A saga da coleção é tão impressionante quanto a do colecionador. Quando a Revolução Comunista tomou conta de Moscou, o industrial teve que fugir com a família para Paris e abandonar sua coleção de obras. Em outubro de 1918, os bolcheviques nacionalizaram (para não dizer roubaram) 274 de suas obras e criaram o Museu Nacional de Arte Moderna Ocidental.

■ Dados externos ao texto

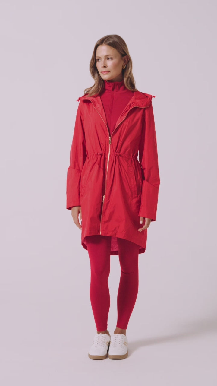 This mid-thigh length raincoat offers a stylish yet practical solution for staying dry all year long. 100% waterproof with an adjustable hood and sleek design, it provides full coverage and comfort while maintaining a flattering silhouette.
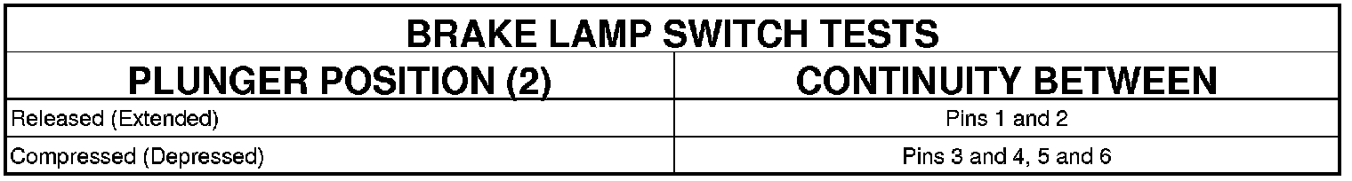 3. Using an ohmmeter, perform the continuity tests at the terminal pins (1) in the brake lamp switch connector receptacle as shown in the Brake Lamp Switch Tests table.

Durante a Segunda Guerra Mundial, as telas foram enviadas para a Sibéria. Em 1948, o ditador soviético Josef Stálin ordenou o fechamento do museu por considerar as pinturas “burguesas”.

Em 1970, por ocasião do centenário do nascimento de Matisse, ‘A Dança’ e ‘A Música’ foi exibida em Paris, pela primeira vez, no Grand Palais. No entanto, sua procedência foi misteriosamente atribuída a uma coleção particular. Desde então, seu neto tenta resgatar o trabalho do avô e colocá-lo em seu merecido lugar de um dos maiores mecenas do mundo.

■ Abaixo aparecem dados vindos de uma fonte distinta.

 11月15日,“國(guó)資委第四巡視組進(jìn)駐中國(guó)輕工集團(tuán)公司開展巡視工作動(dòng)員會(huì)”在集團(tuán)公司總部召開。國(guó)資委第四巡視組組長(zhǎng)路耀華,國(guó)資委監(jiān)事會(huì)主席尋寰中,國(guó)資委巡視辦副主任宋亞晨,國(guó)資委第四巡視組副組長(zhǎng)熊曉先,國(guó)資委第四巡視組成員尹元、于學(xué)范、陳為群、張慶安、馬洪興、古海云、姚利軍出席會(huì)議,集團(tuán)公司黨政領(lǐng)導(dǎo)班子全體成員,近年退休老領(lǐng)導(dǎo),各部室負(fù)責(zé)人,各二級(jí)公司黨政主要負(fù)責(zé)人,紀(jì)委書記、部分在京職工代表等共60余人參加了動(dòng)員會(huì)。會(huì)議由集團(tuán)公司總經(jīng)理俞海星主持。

Por ironia do destino, foi Matisse quem levou Shchukin a Montmartre para conhecer Picasso no outono de 1908. Na época, Picasso vivia uma fase crítica, financeiramente e artisticamente. Shchukin comprou um dos primeiros quadros cubistas de Picasso e, depois, iniciou uma jornada de aquisições, chegando a reunir mais de 50 quadros do pintor espanhol. Injustamente, Henri Matisse não ficou tão famoso como Pablo Picasso, com quem sempre disputou destaque na gangorra da fama (leia a coluna que escrevi sobre as brigas entre Picasso e Matisse). O mundo da arte é assim: vive dando voltas!

Se desejar saber mais sobre um artista ou se tiver uma boa história sobre arte para me contar, aguardo contato pelo Instagram Keka Consiglio, Facebook ou Twitter. Para quem deseja dicas de leituras adicionais: Sobre Sergei Shchukin, recomendo o livro “The Collector: The Story of Sergei Shchukin and His Lost”. Trata-se da primeira biografia em inglês sobre o colecionador e que traz à luz a vida de um homem que permanecia praticamente nas sombras antes da exposição de Paris. Para quem deseja saber mais sobre Matisse, é imperdível a biografia de dois volumes de Hilary Spurling, chamada de “A Life of Henri Matisse”. O primeiro volume, “The Unknown Matisse: The Early Years 1869-1908,” foi publicado em 1998. O segundo, “Matisse the Master: The Conquest of Color 1909-1954” apresenta sua trajetória artística e grandes obras-primas.